Main Concepts

Table of contents
  1. Main Concepts
    1. Building Blocks
      1. Pipeline
      2. Pipes
      3. Distributors
      4. HandlerAccessor
      5. Processors
    2. Lifecycle of a Data I/O application

This page provides an overview of the key aspects that form the foundation of the Data I/O framework. Understanding these concepts is essential for effectively using the framework to design and implement your data processing pipelines.

Building Blocks

Pipeline

The pipeline is the central component of the Data I/O framework. Its responsible for instantiating the components defined in the configuration and running the processor. You can easily define and configure your pipeline using the provided configuration file, allowing you to focus on the essential task of data transformation.

For more information about how to configure your applications, visit the configuration page.

Pipes

Pipes are the fundamental components of the Data I/O framework, representing the sources and destinations of data within the pipeline. Inputs handle the reading of data from various sources, while outputs handle the writing of transformed data to different destinations. By configuring inputs and outputs in the provided configuration file, you can define the specific data sources and destinations for your ETL pipelines. Data I/O provides flexible and extensible options for handling various file formats, databases, and streaming data sources.

In your code, pipes are closely related to Spark’s reading and writing capabilities. When configuring your application, you’ll specify the source or destination of your data, and Data I/O will use Spark’s underlying APIs to perform the actual reading and writing.

No matter where data comes from or goes, each input pipe returns a DataFrame and each output pipe receives a DataFrame to write.

Distributors

Distributors in Data I/O are responsible for handling the distribution of files after the processing is complete. They provide methods and utilities to send processed data to different destinations, such as email or other custom channels. By incorporating distributors into your pipeline, you can automate the distribution process, ensuring that the transformed data reaches the intended recipients or systems seamlessly. Data I/O offers a flexible and extensible architecture that allows you to define and configure distributors based on your specific distribution needs.

HandlerAccessor

The HandlerAccessor plays a crucial role in the pipeline by providing access to different handlers responsible for interacting with pipes and distributors. Indeed, through the HandlerAccessor, you can access the input, output and distribution handlers, enabling seamless integration and interaction with the corresponding components defined in your configuration file.

The HandlerAccessor is injected in the run method of your processor.

case class MyDataProcessor() extends Processor {
  def run(handlers: HandlerAccessor)(spark: SparkSession) = {
    // Read, transform and write
  }
}

Processors

Processors play a vital role in the Data IO framework by encapsulating the data transformation logic within the pipeline. A processor is a custom class that you define to implement the specific data processing steps required for your ETL pipelines. It represents a single stage or operation in the pipeline and is responsible for manipulating the data according to your business requirements.

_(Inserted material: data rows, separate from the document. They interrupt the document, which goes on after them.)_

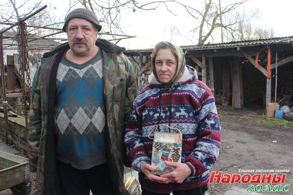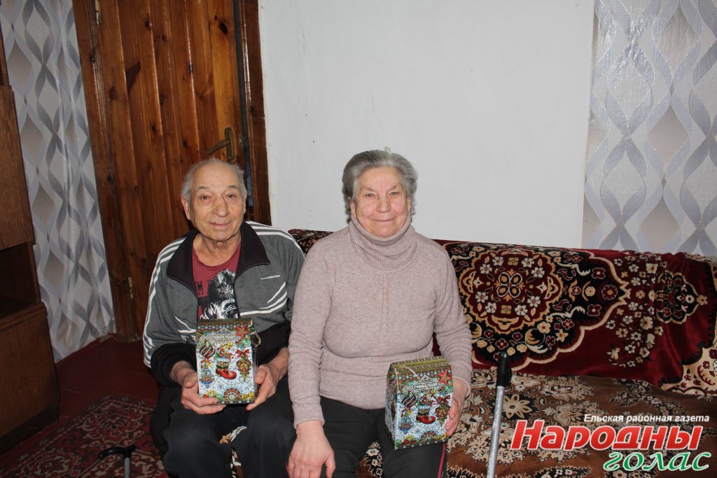 Сладкие подарки участники акции вручили, пожелав здоровья и долголетия, мира и благополучия, супружеской паре Елене и Николаю Каноплич, много лет проработавших в КСУП «Ельск»; бывшему трактористу Леониду Дудковскому из аг. Ремезы.
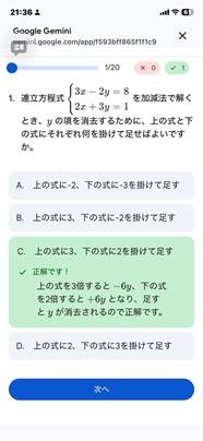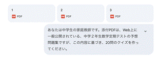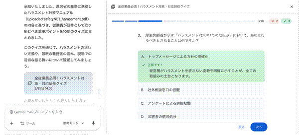 たとえば、元ネタなしにGeminiへ投げかけたプロンプトに対しては、Geminiは動画のような小テストを返してきました。
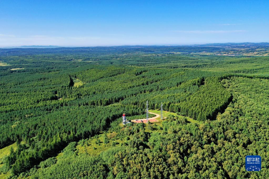 這是2021年8月23日拍攝的河北塞罕壩機械林場內的望海樓(無人機照片)。三代塞罕壩林場人50多年堅持植樹造林,用汗水澆灌出綠波涌動的百萬畝人工林海。新華社記者 牟宇 攝
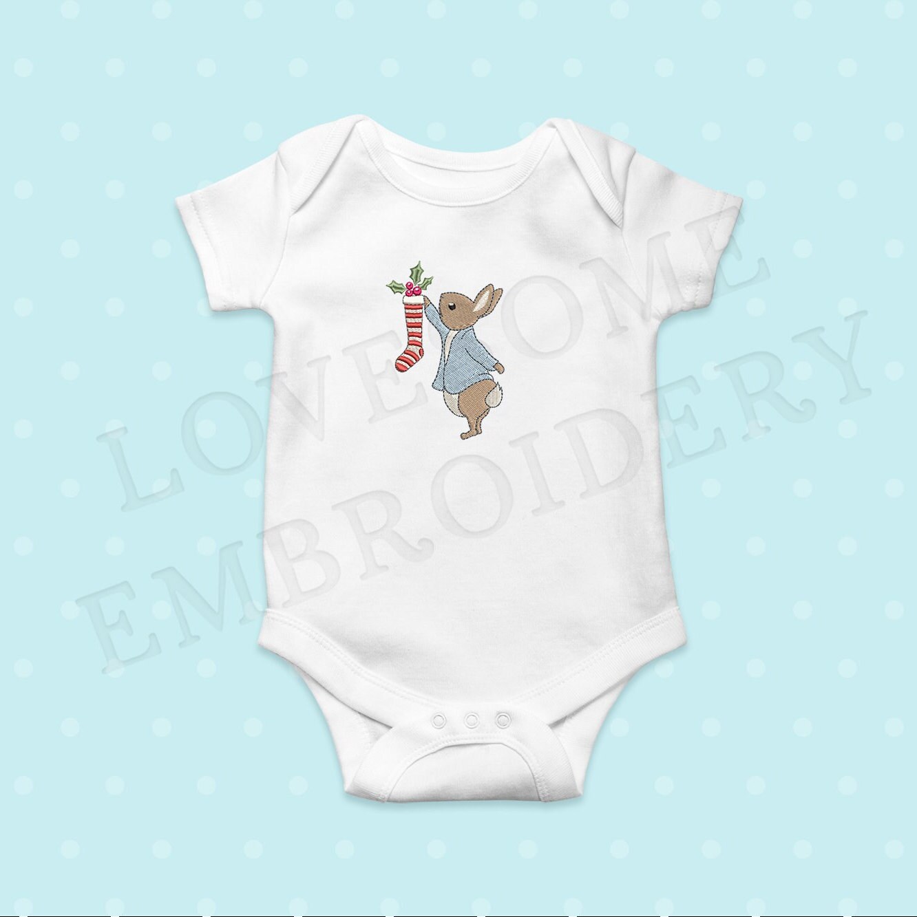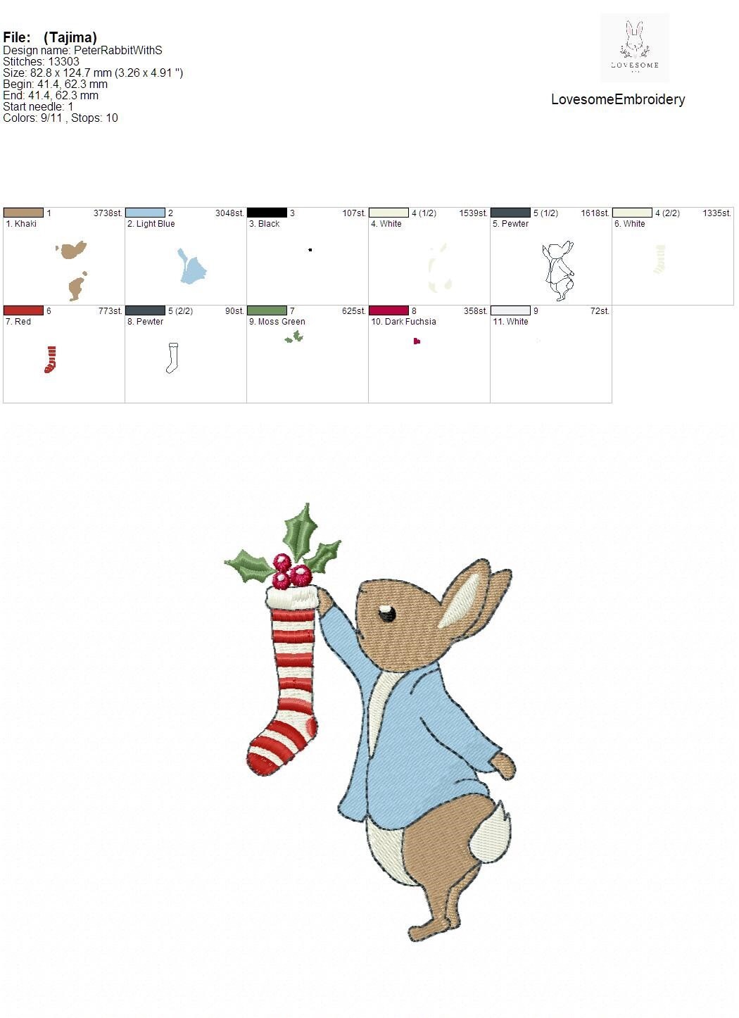 Christmas Sock 5inch Peter Rabbit Embroidery Design, Cute Bunny with Holiday Stocking Machine Embroidery File, for holiday themed Peter Rabbit cuteness on your newborns holiday blanket or apparel.
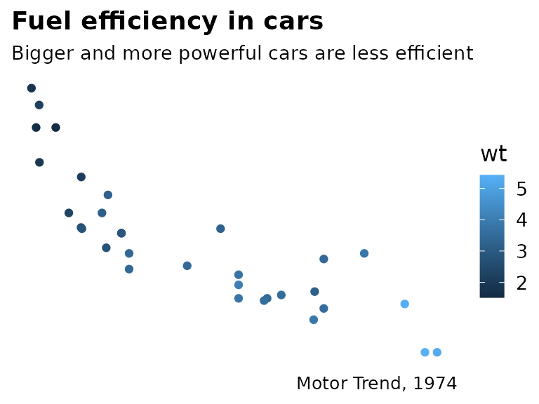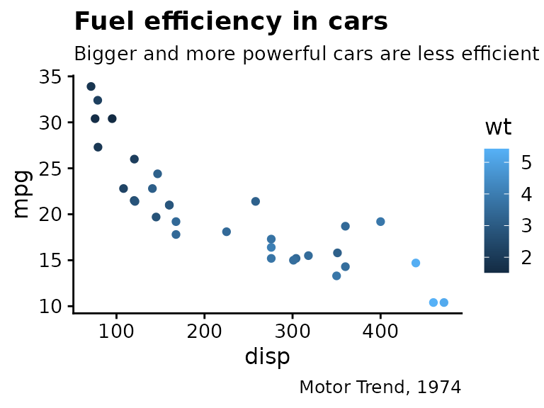 p <- ggplot(mtcars, aes(disp, mpg, color = wt)) +

When the pipeline is executed, the Processor takes control and executes the run method, which contains the custom transformation logic. Inside the run method, you can access and manipulate the data using the provided HandlerAccessor, which provides access to the InputHandler, OutputHandler, and DistributionHandler.

Inside your Processor, you can easily modularize and organize your data transformation steps, making the pipeline more maintainable. Each function in the processor can be designed to handle a specific data processing task, such as cleaning, aggregating, joining, or any other required transformations.

case class MyDataProcessor() extends Processor {
  override def run(handlers: HandlerAccessor)(implicit spark: SparkSession): Unit = {
    // Access input data
    val inputData: DataFrame = handlers.input.read("my-input")
    // Perform data transformation
    val transformedData: DataFrame = transformData(inputData)
    // Write transformed data to output
    handlers.output.write("my-output", transformedData)
  }

  private def transformData(inputData: DataFrame): DataFrame = {
    // Your custom data transformation logic here
    // Example: Perform data cleansing, filtering, or aggregations
    // Return the transformed DataFrame
    ...
  }
}

For a detailed guide about how to write processors for your applications, visit the processors page.


Lifecycle of a Data I/O application

flowchart LR
conf(application.conf)
pipeline(Data I/O Pipeline)
pipeline-->|1 reads and parses|conf

accessor(HandlerAccessor)
pipeline-->|2 creates|accessor

pipes(Pipes and Distributors)
accessor-->|3 creates|pipes
accessor-. exposes .->pipes

processor(Data processor)
pipeline-->|4 runs|processor
processor-. uses .->accessor

When the application starts, the pipeline reads and parses the configuration file. From this, it triggers a series of instantiations that result in the creation of the HandlerAccessor.

Finally, the pipeline instantiates and runs the data processor, giving it the HandlerAccessor that it instantiated.